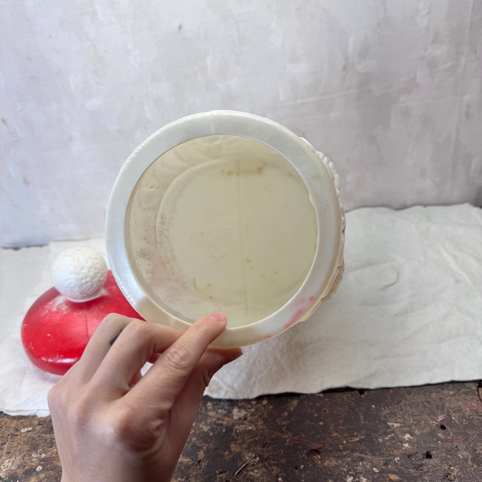 This vintage Empire Santa Cookie Jar Blow Mold Vintage is a must-have for any collector. Made by Empire, this cookie jar features a detailed Santa Claus design that will add a touch of holiday charm to your kitchen or dining room. Crafted with quality materials, this cookie jar will last for years to come.
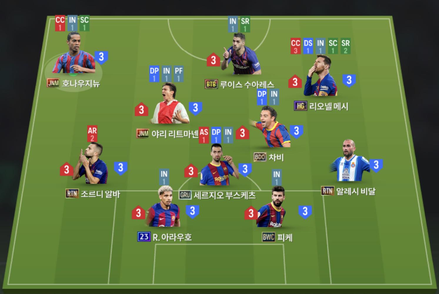 Sơ đồ 4123 với vị trí tiền đạo ở khu vực trung tâm là Suarez cho vai trò CF. Cặp tiền đạo cánh Ronaldinho và Messi được xem là những cái tên sở hữu tốc độ cũng như kỹ năng xử lý bóng cực kì dẻo. Cặp tiền vệ trung tâm Litmanen và Xavi đảm nhận vai trò cầm bóng và xử lý phối hợp ở khu vực giữa sân.
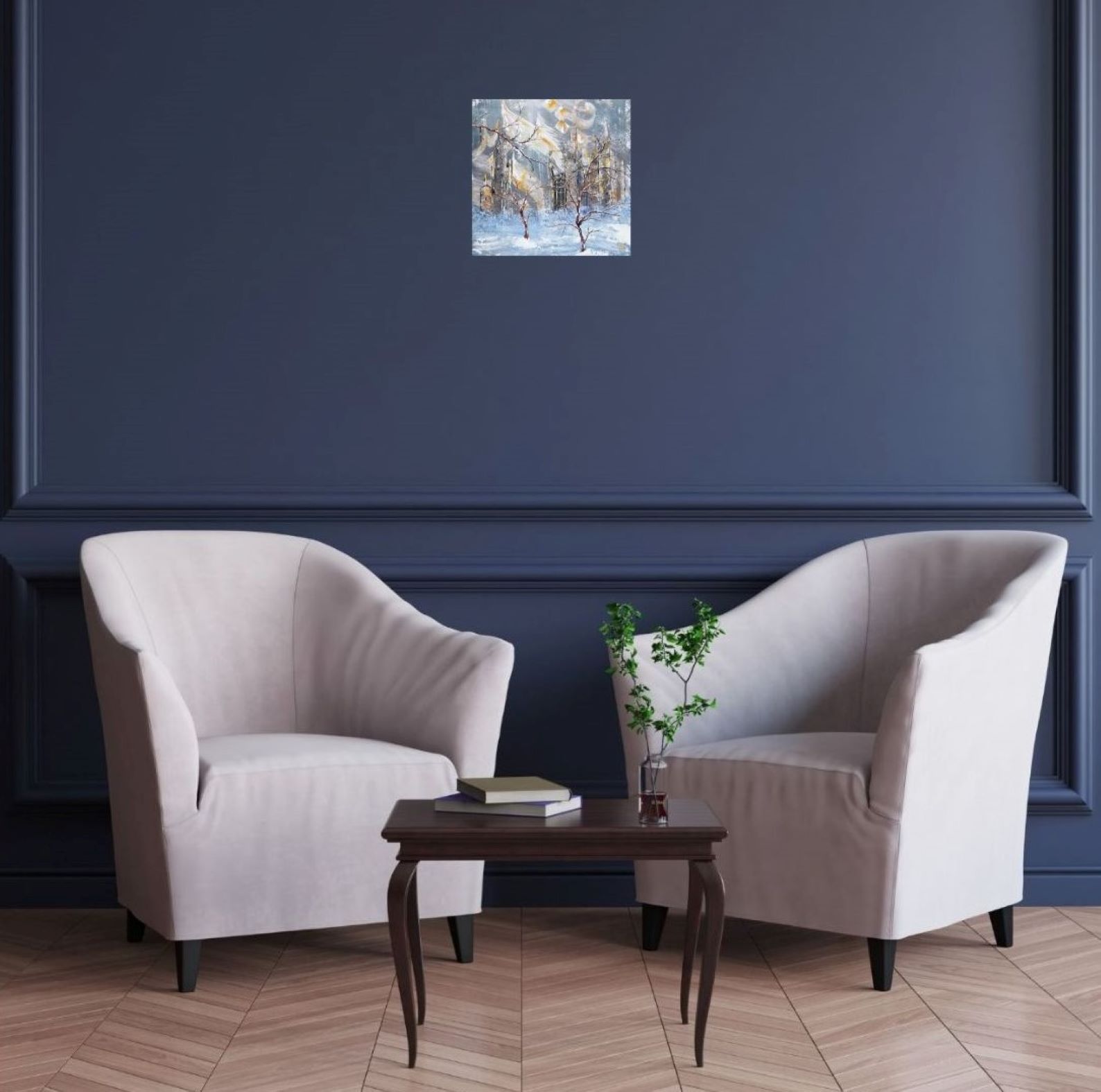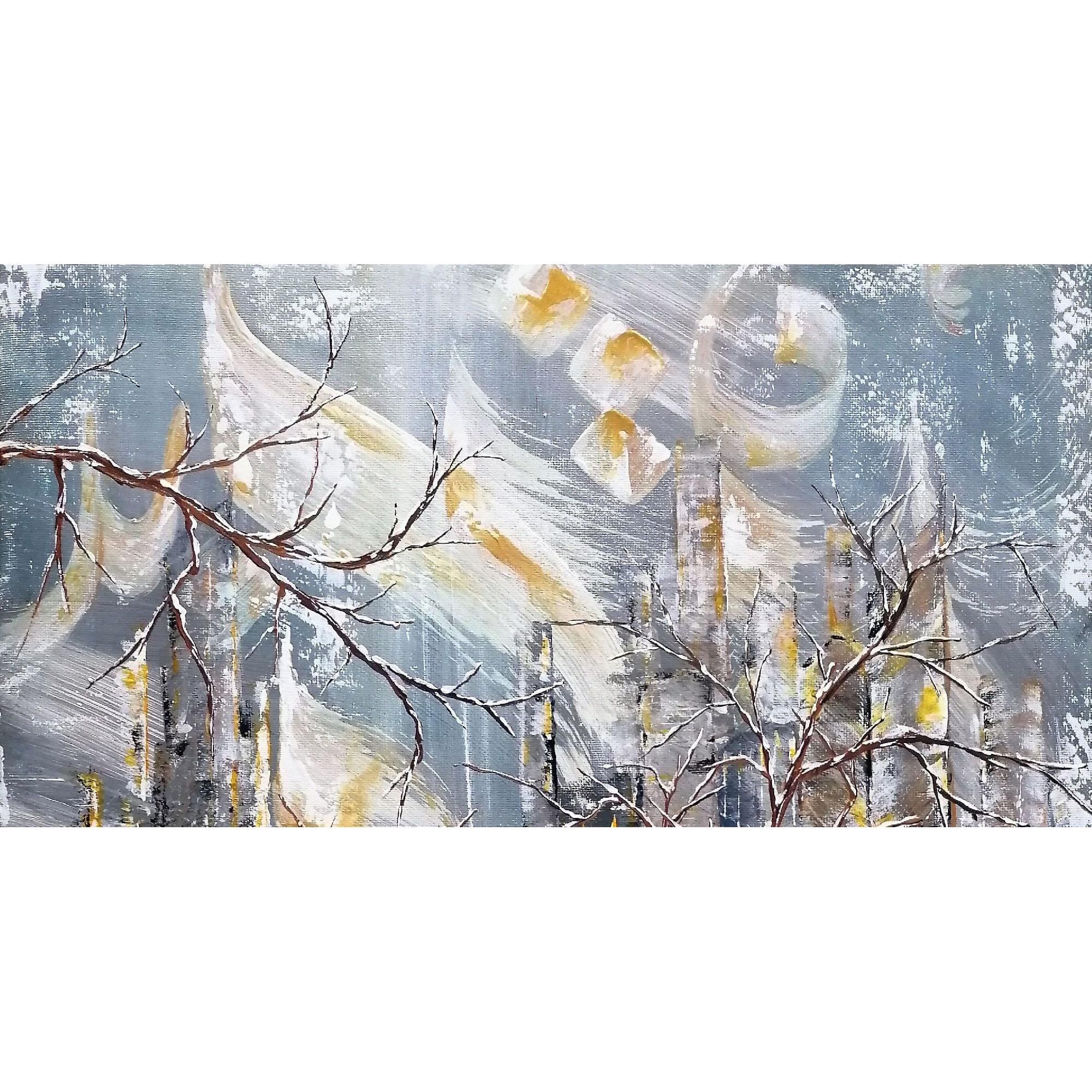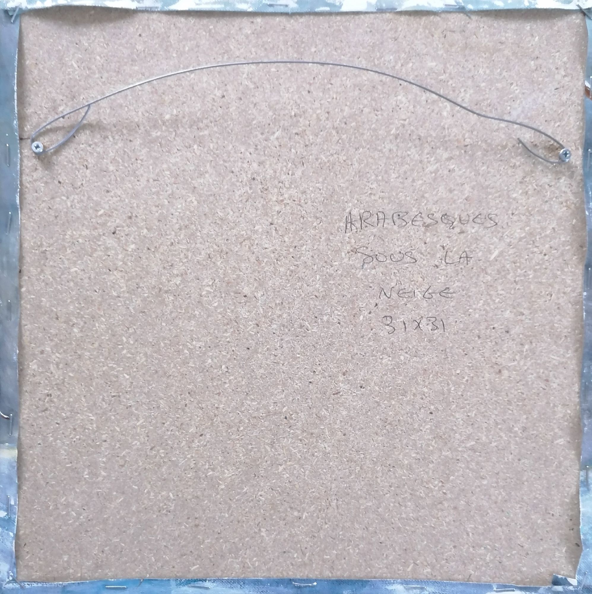 qui s'adaptent à toutes sortes de revêtements muraux. L' énergie qui se dégage est dûe aux mouvements créés par ces arabesques, représentation des éléments déchainés, d'inspiration calligraphique arabe. Acrylique sur toile tendue sur une plaque de bois de 31x31 cm, finition vernis.
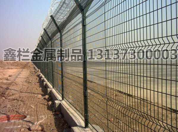 機場護(hù)欄網(wǎng)又稱作“Y型安全防御護(hù)網(wǎng)”、機場圍欄網(wǎng)、機場隔離柵、機場隔離網(wǎng),是安全防盜連接件和熱鍍鋅刀片刺繩組成是強度和安全防御性級別很高的護(hù)欄網(wǎng)產(chǎn)品。近年來,機場圍欄網(wǎng)被廣泛應(yīng)用在機場,軍事基地等高安全場所。(如果在機場護(hù)欄網(wǎng)頂部加裝刀片刺絲、刀片刺繩后又很好的增強了安全防護(hù)性能。)
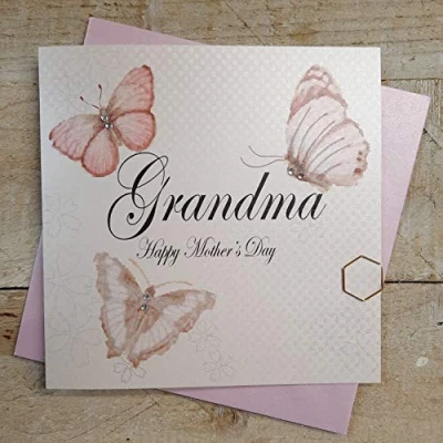 WHITE COTTON CARDS Grandma Happy Handmade Mother's Day Card with Vintage Butterflies, MP11
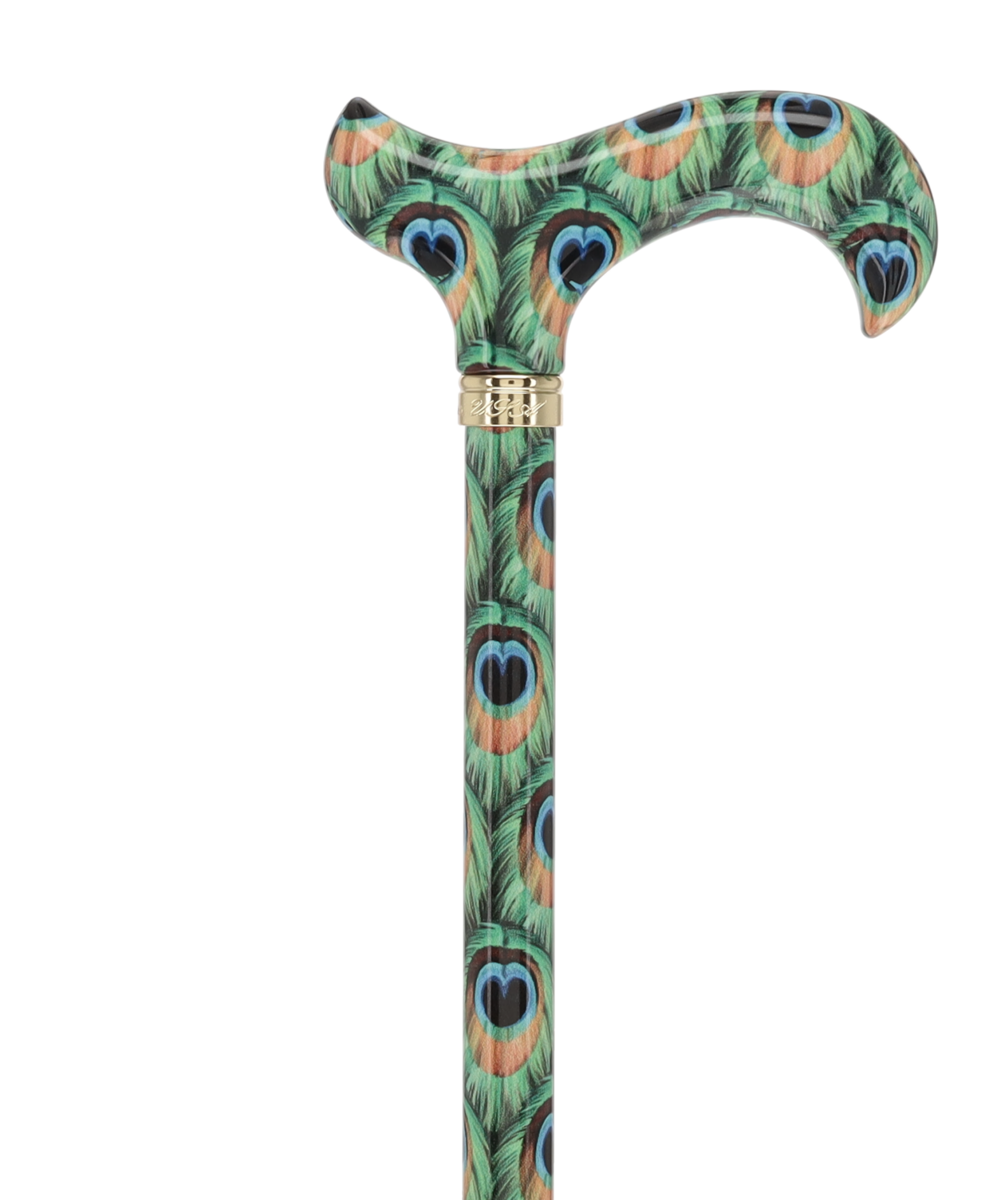 Get ready to strut your stuff and elevate your walking experience with the Pretty Peacock Designer Adjustable Cane! Adorned with a stunning peacock feather pattern in vibrant green, this cane will make a statement wherever you go. Its comfortable derby handle and gold engraved collar provide a secure grip for all your daily activities, from running errands to going on cultural outings. Make a unique and elegant statement by pairing it with your favorite green jacket.
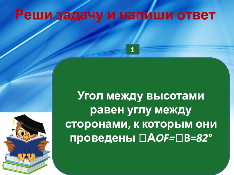 Угол между высотами равен углу между сторонами, к которым они проведены ꓡАOF=ꓡB=82°
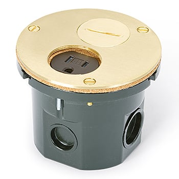 Round, flush installation, drop in floor box with brass, screw plug cover and 15A (TR) duplex outlet (receptacle).
---+---
(Task to complete): In the copy, include exactly the lines from the one with "Угол между высотами" through the final line of the entries above, both ends counted, and no pictures.

(Exercise answer):
 Угол между высотами равен углу между сторонами, к которым они проведены ꓡАOF=ꓡB=82°
 Round, flush installation, drop in floor box with brass, screw plug cover and 15A (TR) duplex outlet (receptacle).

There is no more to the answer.